(Stored records)
■ ■ ■
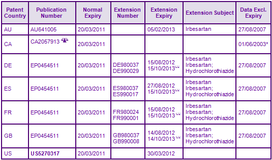 Patent protection for the Irbesartan molecule (FR9003563A) expired in Canada in March 2011 and the US in March 2012 after benefiting from six months of paediatric extension to a 197 day s156 extension (see Figure 3). In Europe, patent protection of the Irbesartan molecule has been extended by Supplementary Protection Certificates (SPC) which expire in August 2012. However, the Spanish portion of EP0454511 only claims processes for the preparation of Irbesartan and as such may be able to be circumvented. Additional SPCs protecting the combination of Irbesartan and Hydrochlorothiazide have been granted and expire in October 2013, however GenericsWeb’s proprietary SPC analyser had identified the basic patent as being a ‘C2’ category, suggesting that the claims do not specify or identify all components of the combination that is the subject of the SPC, and therefore the SPC may be invalid. It is currently uncertain what mechanisms are available to generic competitors who wish to request amendment of the SPC by the individual patent offices who granted them. A s70 patent term extension protects the Irbesartan molecule from generic competition in Australia until February 2013.
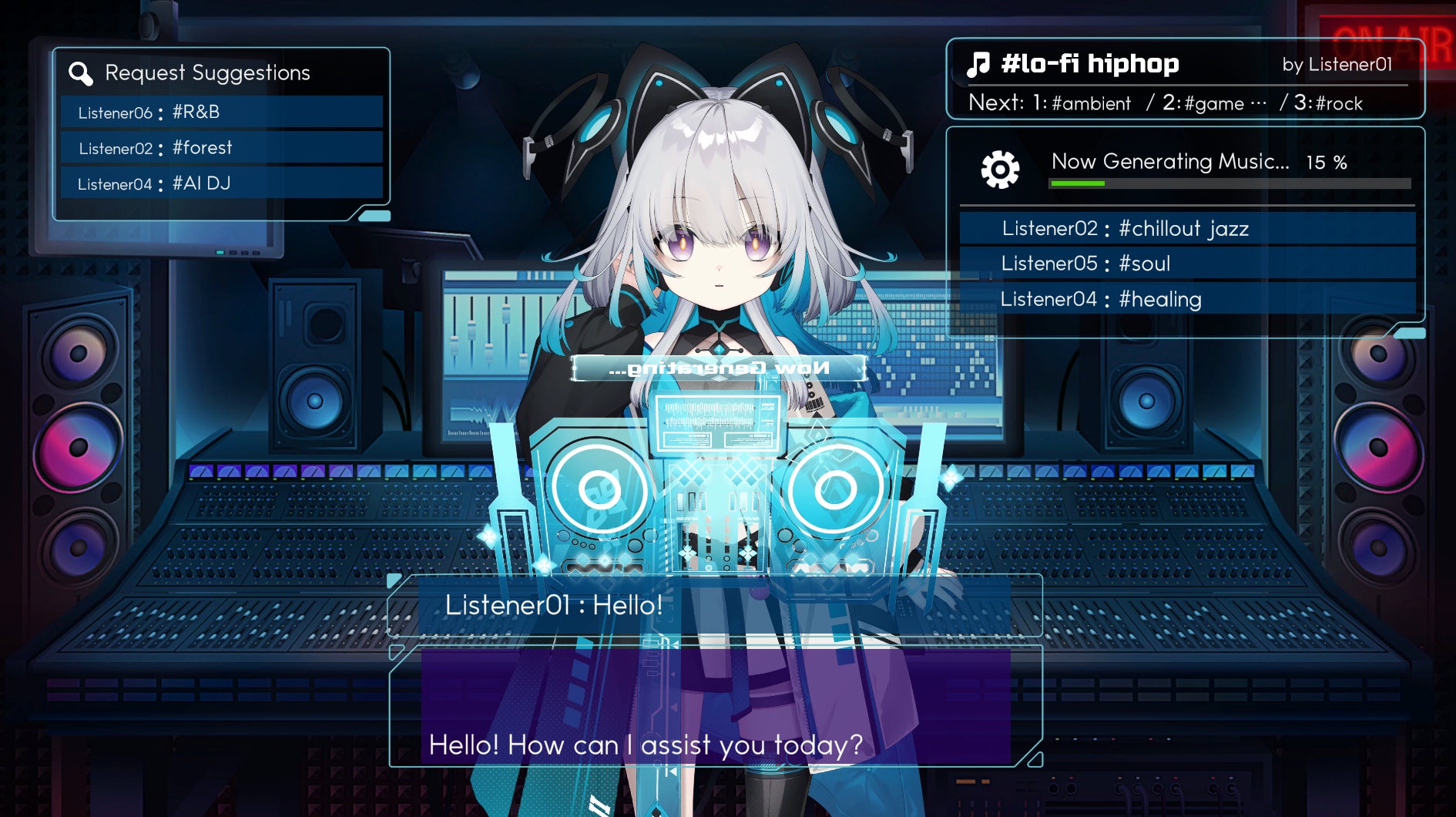 AI DJ Vtuber「DAJI(ダジ)」は音楽生成ツールが搭載されていて、視聴者の皆さまのリアクションコメントをもとに、オリジナルの音楽をジャンル問わず、リアルタイムで生成します。DAJIがお届けする唯一無二の音楽をぜひお楽しみください。
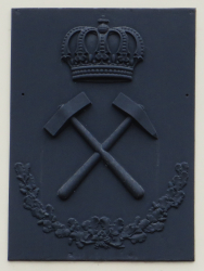 Über dem Haupteingang erkennt man das Geschäftszeichen der Königshütte: Schlägel und Eisen, umgeben von Eichenlaub und oben von einer Königskrone begrenzt.
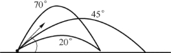 炮弹以这两个仰角发射时,得到相同的射程,都能击中靶心。但以大发射角α2=75.33°发射时,飞行时间长,射高也大。
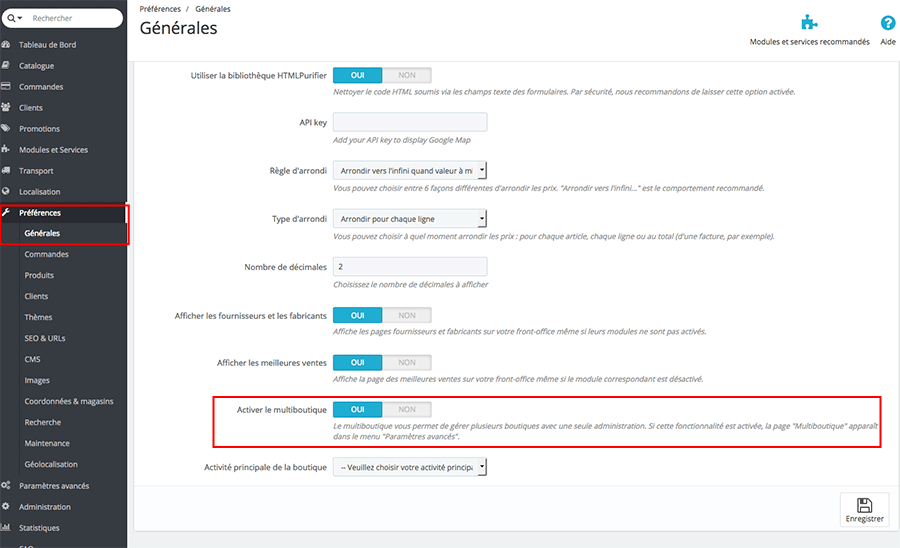 - Allez dans Préférences > Générales depuis votre back-office PrestaShop.
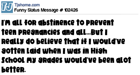 X I'm all for abstinence to prevent teen pregnancies and all...But I really do believe that if I would've gotten laid when I was in High School my grades would've been alot better.
■ ■ ■
Apart from the pictures, the entries above are to be repeated in full and exactly.

 Patent protection for the Irbesartan molecule (FR9003563A) expired in Canada in March 2011 and the US in March 2012 after benefiting from six months of paediatric extension to a 197 day s156 extension (see Figure 3). In Europe, patent protection of the Irbesartan molecule has been extended by Supplementary Protection Certificates (SPC) which expire in August 2012. However, the Spanish portion of EP0454511 only claims processes for the preparation of Irbesartan and as such may be able to be circumvented. Additional SPCs protecting the combination of Irbesartan and Hydrochlorothiazide have been granted and expire in October 2013, however GenericsWeb’s proprietary SPC analyser had identified the basic patent as being a ‘C2’ category, suggesting that the claims do not specify or identify all components of the combination that is the subject of the SPC, and therefore the SPC may be invalid. It is currently uncertain what mechanisms are available to generic competitors who wish to request amendment of the SPC by the individual patent offices who granted them. A s70 patent term extension protects the Irbesartan molecule from generic competition in Australia until February 2013.
 AI DJ Vtuber「DAJI(ダジ)」は音楽生成ツールが搭載されていて、視聴者の皆さまのリアクションコメントをもとに、オリジナルの音楽をジャンル問わず、リアルタイムで生成します。DAJIがお届けする唯一無二の音楽をぜひお楽しみください。
 Über dem Haupteingang erkennt man das Geschäftszeichen der Königshütte: Schlägel und Eisen, umgeben von Eichenlaub und oben von einer Königskrone begrenzt.
 炮弹以这两个仰角发射时,得到相同的射程,都能击中靶心。但以大发射角α2=75.33°发射时,飞行时间长,射高也大。
 - Allez dans Préférences > Générales depuis votre back-office PrestaShop.
 X I'm all for abstinence to prevent teen pregnancies and all...But I really do believe that if I would've gotten laid when I was in High School my grades would've been alot better.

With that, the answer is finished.